→ **What to produce**
Output each record exactly as given. Leave out every picture.

Records from a collection:
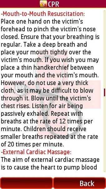 Having read through the application, I can say that each section is clearly written, and has no confusing instructions. This is crucial, especially when trying to determine what to do in an emergency if you have no other medical reference. However, it concerns me that the application is completely text based. There are no illustrations whatsoever.
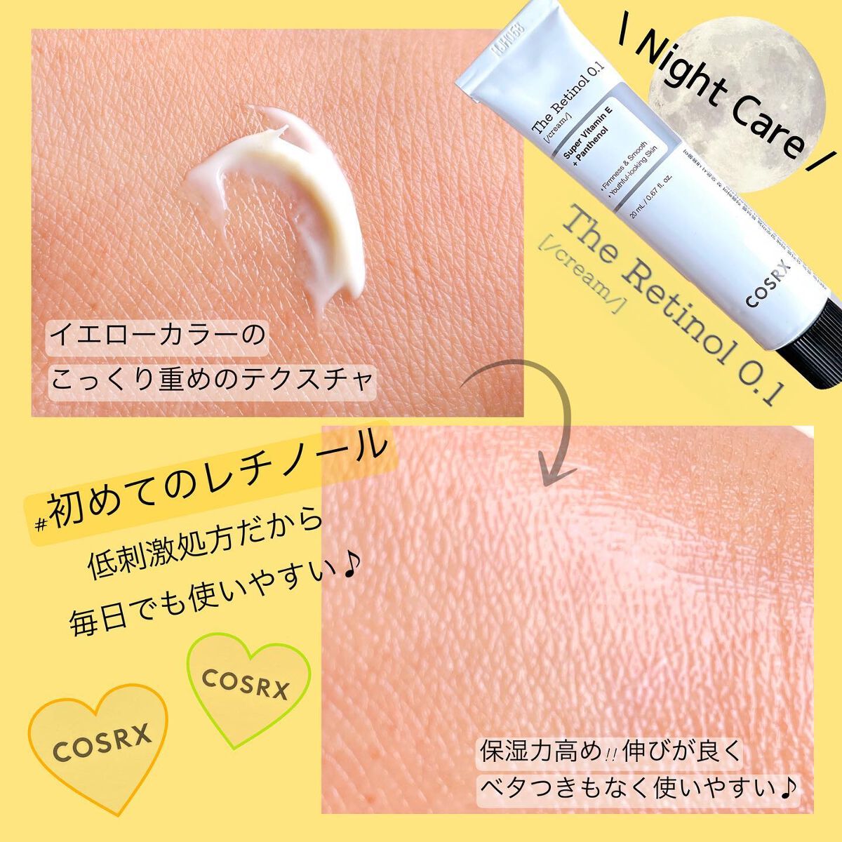 【COSRXTheRetinol0.1Cream】はじめてのレチノール!!初心者でもはじめやすいと聞いてはじめてみました。✔️レチノールって赤みや皮むけが出るって聞いて少し怖かったけど、このクリームはとってもマイルド!✔️パンテノールやビタミ...
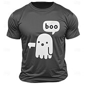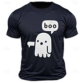 : Showcasing a playful letter print graphic that features a humorous "boo" in a speech bubble, this tee adds a touch of whimsy to your wardrobe. Its solid black, dark grey, or dark blue color options provide versatility for pairing with different outfits.
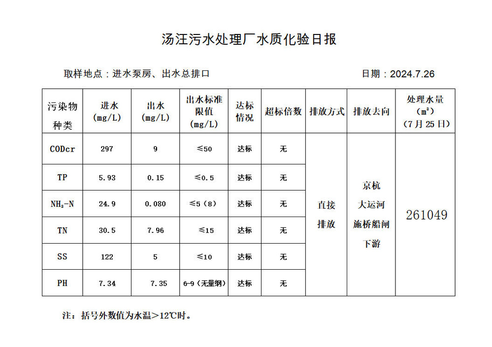 汤汪污水处理厂水质化验日报(2024.7.26)
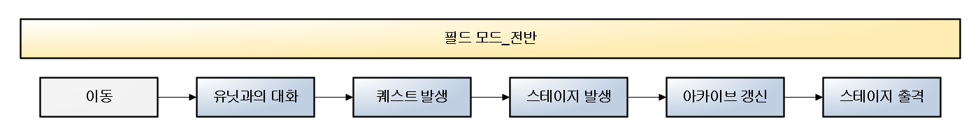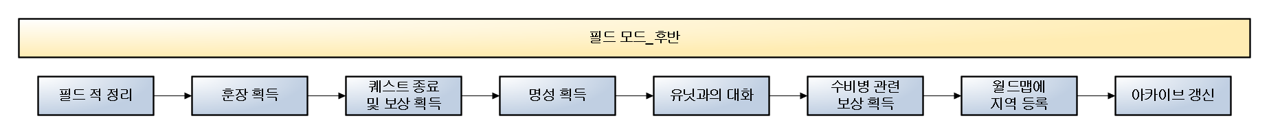 : 스테이지를 클리어 한 후 필드로 나왔을 때 이루어지는 부분으로 아래와 같은 흐름으로 진행된다.

→ **Written response**
 Having read through the application, I can say that each section is clearly written, and has no confusing instructions. This is crucial, especially when trying to determine what to do in an emergency if you have no other medical reference. However, it concerns me that the application is completely text based. There are no illustrations whatsoever.
 【COSRXTheRetinol0.1Cream】はじめてのレチノール!!初心者でもはじめやすいと聞いてはじめてみました。✔️レチノールって赤みや皮むけが出るって聞いて少し怖かったけど、このクリームはとってもマイルド!✔️パンテノールやビタミ...
 : Showcasing a playful letter print graphic that features a humorous "boo" in a speech bubble, this tee adds a touch of whimsy to your wardrobe. Its solid black, dark grey, or dark blue color options provide versatility for pairing with different outfits.
 汤汪污水处理厂水质化验日报(2024.7.26)
 : 스테이지를 클리어 한 후 필드로 나왔을 때 이루어지는 부분으로 아래와 같은 흐름으로 진행된다.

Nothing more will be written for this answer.